Use auto-accept selectively: for well-understood steps where the plan is unambiguous and prompt injection risks are mitigated. For exploratory work, model building, or anything involving pharmacometric judgment, keep yourself in the loop. You drive the agent; don't let it drive you.

It's All Plain Text

Everything that makes agents powerful in this context is plain text. Skill files are markdown. Workflow guides are markdown. Organisation rules are markdown. Agent instructions are markdown. There is no special syntax, no compilation step, no framework to learn.

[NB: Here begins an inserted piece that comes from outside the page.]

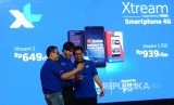 Head Mass Segment Acuisition XL Axiata Junius Khoestadi, Chief Marketing Officer XL Axiata, David Arcelus Oses dan Director Evercoss Akwila Natanael, berfoto pada sesi peluncuran smartphone 4G pertama //Xtream// dengan di Jakarta. Jumat (6/4). (FOTO : Yogi Ardhi/Republika)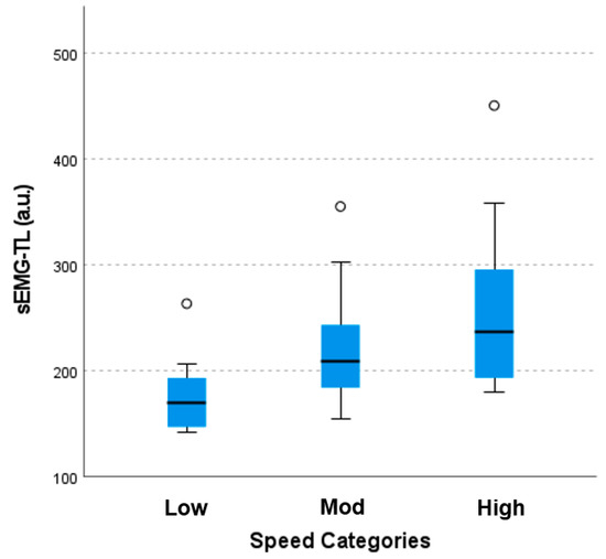 sEMG-TL is presented as a median (interquartile range (IQR)) for each running speed. Figure 3 illustrates the spread of data between each running speed. A low running speed resulted in the lowest median sEMG-TL, 254.17 a.u. (IQR = 148.50 to 204.27 a.u.). A high running speed resulted in the highest sEMG-TL, 236.67 a.u. (IQR = 192.10 to 295.48 a.u.), and the sEMG-TL for a moderate running speed was between those of the low and high speeds, 208.07 (IQR = 183.51 to 244.29 a.u.). The Kruskal–Wallis one-way analysis of variance by ranks test revealed a significant difference in sEMG-TL among the three running speeds, χ2(2) = 11.50, p < 0.05. Post hoc pairwise comparisons using the Dunn–Bonferroni test demonstrated that the sEMG-TL at a low running speed was significantly different from both the moderate and high running speeds (adjusted p < 0.05), but no statistical difference was established between moderate and high running speeds (adjusted p > 0.05).

You can build complex custom workflows simply by writing markdown documents that describe the steps in natural language and reference PumasAide's three tools when execution is needed. A document that says "load the data using include_julia_file, check for missing values, then build an NCA population with these column mappings" is a workflow. Chain several such documents together and you have a multi-stage analysis pipeline, authored in the same language you'd use to explain the process to a colleague.

Set Up Standards Once

If you find yourself repeating the same thresholds, conventions, or methodology preferences across sessions ("use rsqadjkel >= 0.8", "always include AUC extrapolation checks", "our naming convention is..."), consider setting up organisation rules as skill files. The one-time authoring effort pays for itself in consistency and reduced friction across every subsequent analysis.

Use the Knowledge Base to Learn

The pumas_knowledge tool exists for your benefit as much as the agent's. Ask the agent to look up function signatures, explain what a parameter means, compare estimation methods, or walk through how a workflow step works. The knowledge base covers API references, pharmacometric concepts, and analysis workflows in detail. It's a learning resource embedded directly in your working environment.